(Dataset records begins)
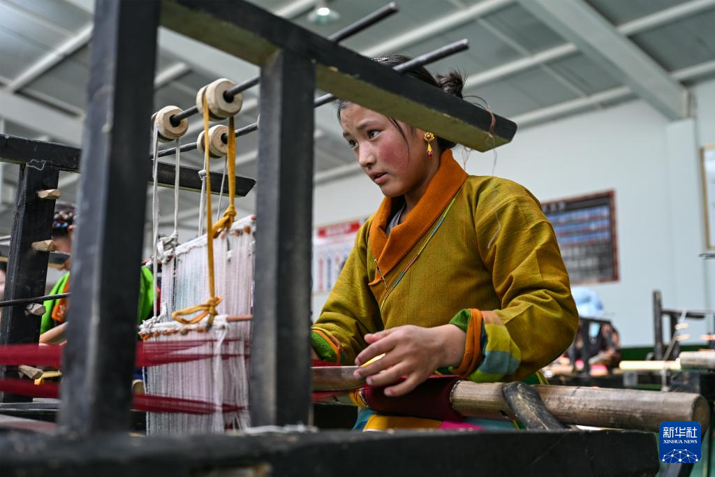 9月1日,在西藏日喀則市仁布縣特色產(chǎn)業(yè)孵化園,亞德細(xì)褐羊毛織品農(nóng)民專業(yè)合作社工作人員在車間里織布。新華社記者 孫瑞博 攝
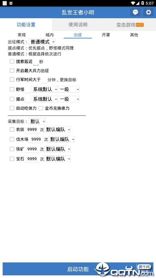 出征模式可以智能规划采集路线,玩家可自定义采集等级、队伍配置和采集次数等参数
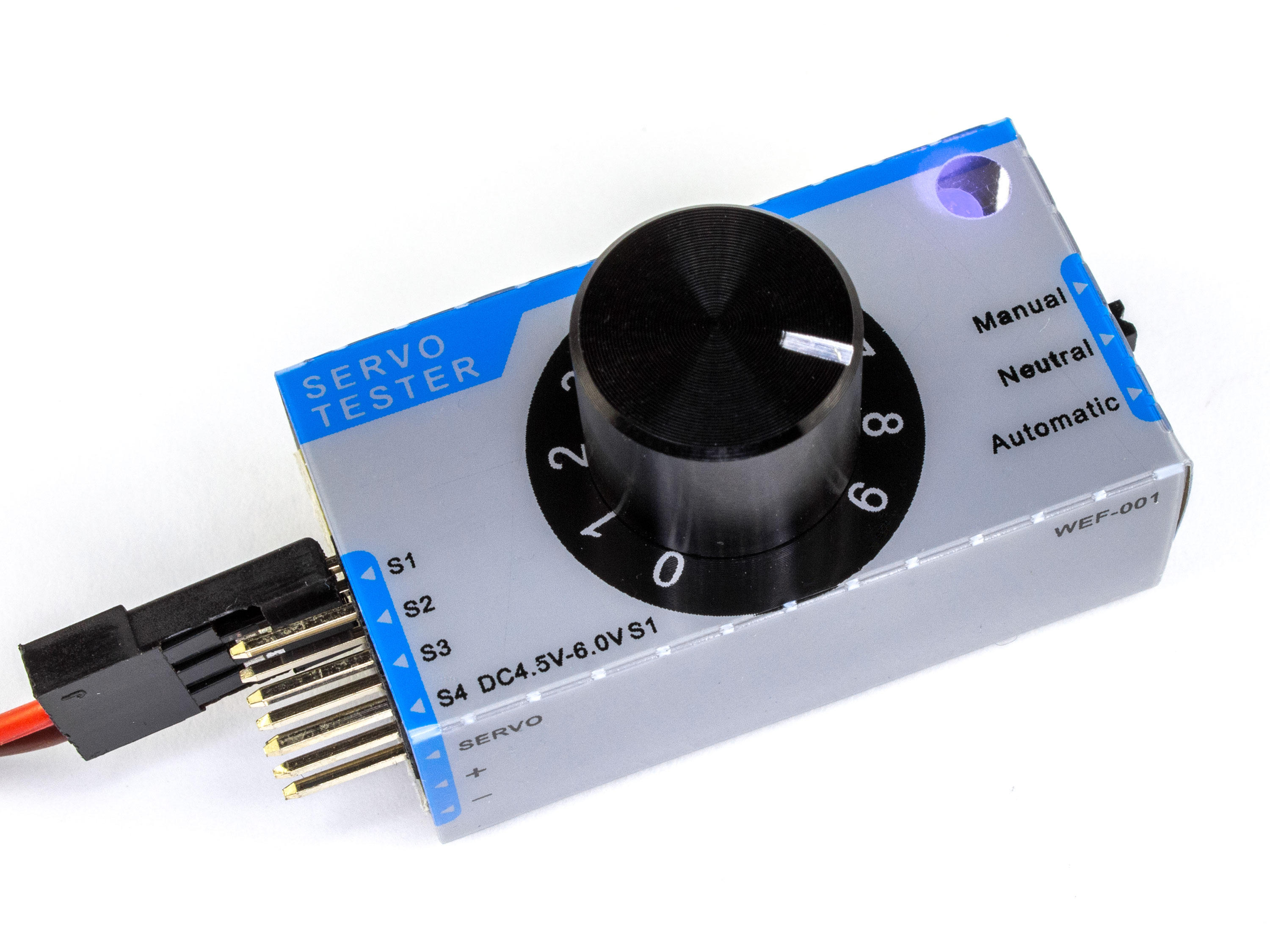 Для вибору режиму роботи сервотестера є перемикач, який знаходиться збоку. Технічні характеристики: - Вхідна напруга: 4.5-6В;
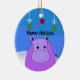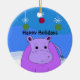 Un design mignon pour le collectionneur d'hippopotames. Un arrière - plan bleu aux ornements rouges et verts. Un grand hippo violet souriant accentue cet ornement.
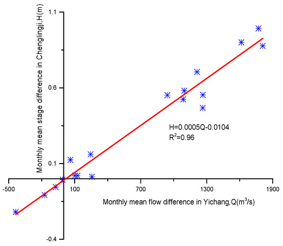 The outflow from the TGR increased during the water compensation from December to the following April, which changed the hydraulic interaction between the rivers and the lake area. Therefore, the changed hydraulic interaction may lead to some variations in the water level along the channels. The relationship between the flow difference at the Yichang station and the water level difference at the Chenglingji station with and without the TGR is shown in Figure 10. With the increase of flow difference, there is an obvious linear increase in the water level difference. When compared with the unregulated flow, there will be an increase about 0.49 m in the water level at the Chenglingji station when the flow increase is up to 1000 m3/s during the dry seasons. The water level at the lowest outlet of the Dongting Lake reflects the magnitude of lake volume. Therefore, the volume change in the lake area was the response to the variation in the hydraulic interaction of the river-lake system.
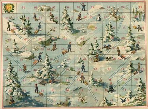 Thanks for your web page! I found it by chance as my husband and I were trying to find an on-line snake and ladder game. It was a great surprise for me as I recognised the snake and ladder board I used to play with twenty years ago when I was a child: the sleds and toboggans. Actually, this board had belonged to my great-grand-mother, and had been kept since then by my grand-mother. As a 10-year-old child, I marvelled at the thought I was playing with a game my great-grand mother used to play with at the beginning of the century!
(Dataset records ends)
= Goal of the exercise =
Transcribe the records above exactly, skipping pictures.

= Result below =
 9月1日,在西藏日喀則市仁布縣特色產(chǎn)業(yè)孵化園,亞德細(xì)褐羊毛織品農(nóng)民專業(yè)合作社工作人員在車間里織布。新華社記者 孫瑞博 攝
 出征模式可以智能规划采集路线,玩家可自定义采集等级、队伍配置和采集次数等参数
 Для вибору режиму роботи сервотестера є перемикач, який знаходиться збоку. Технічні характеристики: - Вхідна напруга: 4.5-6В;
 Un design mignon pour le collectionneur d'hippopotames. Un arrière - plan bleu aux ornements rouges et verts. Un grand hippo violet souriant accentue cet ornement.
 The outflow from the TGR increased during the water compensation from December to the following April, which changed the hydraulic interaction between the rivers and the lake area. Therefore, the changed hydraulic interaction may lead to some variations in the water level along the channels. The relationship between the flow difference at the Yichang station and the water level difference at the Chenglingji station with and without the TGR is shown in Figure 10. With the increase of flow difference, there is an obvious linear increase in the water level difference. When compared with the unregulated flow, there will be an increase about 0.49 m in the water level at the Chenglingji station when the flow increase is up to 1000 m3/s during the dry seasons. The water level at the lowest outlet of the Dongting Lake reflects the magnitude of lake volume. Therefore, the volume change in the lake area was the response to the variation in the hydraulic interaction of the river-lake system.
 Thanks for your web page! I found it by chance as my husband and I were trying to find an on-line snake and ladder game. It was a great surprise for me as I recognised the snake and ladder board I used to play with twenty years ago when I was a child: the sleds and toboggans. Actually, this board had belonged to my great-grand-mother, and had been kept since then by my grand-mother. As a 10-year-old child, I marvelled at the thought I was playing with a game my great-grand mother used to play with at the beginning of the century!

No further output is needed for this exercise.